Tuesday, March 27, 2007

Time for Blogging?

I’ve had blog ideas floating around my head for weeks, and no time to sit down and type. At least no time when I could put together coherent sentences. And if that isn’t a typical youth minister’s wife, I don’t know what is! How do we get so busy?? And I don’t even feel like I’ve been doing all that much! But all the million little tasks that go into being a mom, a wife, a youth worker, a part-time employee, a daughter, a housekeeper, a chauffer, a sibling referee… I guess it is the faithfulness in all those million little things that really adds up in the end.

I haven’t even been reading 1 Corinthians 13, but I guess it’s been on my mind, because here’s what came out of my head… (with apologies to the apostle Paul!)

If I speak at a girls’ retreat, and have not love for the girls, I’m just an annoying cell phone, ringing at the wrong time.
If I speak to youth of honoring their parents, and don’t make time to call my own and go spend some time with them, and if I encourage others and grouch at my own family, I am nothing.
If I give time and money to missions, but don’t love the lost and different, I gain nothing.
Love is patient with the loud and obnoxious kids at youth group—you know the ones I mean.
Love is kind to the older ladies, who just need a touch on the arm and a smile.
Love does not envy the wives who have more budget to work with to fix up their homes.
Love does not boast, but gives God the proper credit for our successes.
Love is not rude or angered, even when that kid cuts you off in the traffic moving from the Sunday school room to the sanctuary.
Love is not self-seeking, even though our human nature desperately wants to be.
Love never fails.
Where there are object lessons, they will cease.

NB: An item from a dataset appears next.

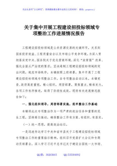 / 关于集中开展工程建设招投标领域专项整治工作进展情况报告

Where there are videos on any topic, they will be stilled. Where there is knowledge of the latest teen culture trends, it will pass away.
When perfection comes, the imperfect disappears…and faith, hope and love remain. But the greatest of these is love.

Thursday, March 15, 2007

Self

Colossians 4:23
Whatever you do, work at it with all your heart, as working for the Lord, not for men.

I can, and do, act selflessly. I am not selfless. In fact, I am quite self-centered. While I have learned to put my husband, my children, or others in the church or community before myself, I would be deeply ashamed to admit how often these acts are done half-heartedly, even grudgingly, and occasionally with deep resentment. How often do we resent the fact that our husband sashays off to church early on Sunday morning, leaving us to clean, dress, and feed not only ourselves, but all our little brood, hustling them off to church, not forgetting the objects for object lessons, snacks, and copies needed for Sunday school. Or maybe for you it’s the sheet music and powerpoint on your flash drive. No wonder one minister’s wife commented that she rarely sees a truly happy looking minister’s wife on a Sunday morning.

So, how do we turn all the daily annoyances into true service to the King? It requires a change inside, not in behavior. A change of mind and heart. One that will probably need to continue until the day we die, because at least in my mind, this is the most universal of struggles—getting past our inborn egocentricity, leaving behind self-centeredness for honest, internal submission—first to Christ, then to others.

Ephesians 5:21
Submit to one another out of reverence for Christ.